You will survive! You tried so hard to make this a lovely Christmas, and you did! You would make a great woman too!
 
Thanks DL..I take that has high praise.

I tell you what....there ain't a gosh darn thing (I'm not taking the Lord's name in vain for Addie) wrong with a man that knows how to cook, and knows how to properly entertain guests. I'm actually thinking of writing a cook book for 20-something bachelors to teach them how to cook and entertain for their ladies.
 
Thanks DL..I take that has high praise.

I tell you what....there ain't a gosh darn thing (I'm not taking the Lord's name in vain for Addie) wrong with a man that knows how to cook, and knows how to properly entertain guests. I'm actually thinking of writing a cook book for 20-something bachelors to teach them how to cook and entertain for their ladies.

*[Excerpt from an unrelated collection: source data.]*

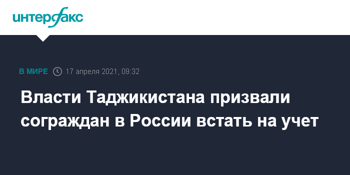 "Граждане Таджикистана, которые в настоящее время находятся на территории РФ, и по каким-то причинам не состоящие на миграционном учете, должны явиться в районные отделы по вопросам миграции по месту жительства (пребывания), зарегистрировать и продлить срок своего пребывания в России до 15 июня 2021 года, так как в случае не уведомления автоматически попадете в список лиц, въезд которым будет запрещен на территорию РФ", - говорится в обращении.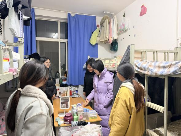 在走访过程中,党总支书记买中傲仔细询问同学们的假期生活、返校适应情况以及新学期的学习计划,耐心倾听同学们在生活和学习中遇到的困难,并给予贴心的建议和帮助。同时老师们还特别关注宿舍的安全与卫生,提醒同学们注意用电安全,保持寝室整洁,营造良好的生活环境。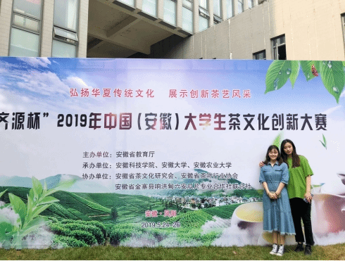 本网讯5月24日至5月26日,由安徽省教育厅主办,安徽科技学院、安徽大学和安徽农业大学联合承办的2019年中国(安徽)大学生茶文化创新大赛在安徽科技学院举行。我院外国语学院的丁瑶瑶和汪贵霞两位同学在陈婷、李慧老师的指导下,凭借优异的成绩均获得个人赛二等奖。

My dad has done most of the cooking throughout my parents' marriage. He enjoys it and he also enjoys setting a nice table and making everything look good. He's on here as Chief Longwind of the North. He had all of us kids in the kitchen from the time we were really young learning the basics of cooking.
 
Congrats Mac, it sounds like you were as put-together as your table in spite of the challenges your sister's condition put in front of you. Well done!

Addie, it dawned on me that was what you meant after I hit "send". I was still a bit tightly wound up from the whole website snafu. Didn't mean to snap. ;-)
 
Last Wednesday my girlfriend in Atlanta sent me a package Overnight Express via UPS. Here it is Monday noon and I still don't have it. My UPS man usually comes around 5 p.m. I hope it comes today, or UPS is going to have to listen to her and return some money. Overnight Express can cost a pretty penny. I know it is Christmas, and they are probably swamped. But they shouldn't be taking the money for it if they can't deliver the service. :angel:

Addie, tell her to be sure and complain. A few years back our daughter sent our Christmas gifts USPS overnight. It didn't arrive for two days. They refunded the difference between overnight and standard shipping. UPS probably does the same thing.
 
Congrats Mac, it sounds like you were as put-together as your table in spite of the challenges your sister's condition put in front of you. Well done!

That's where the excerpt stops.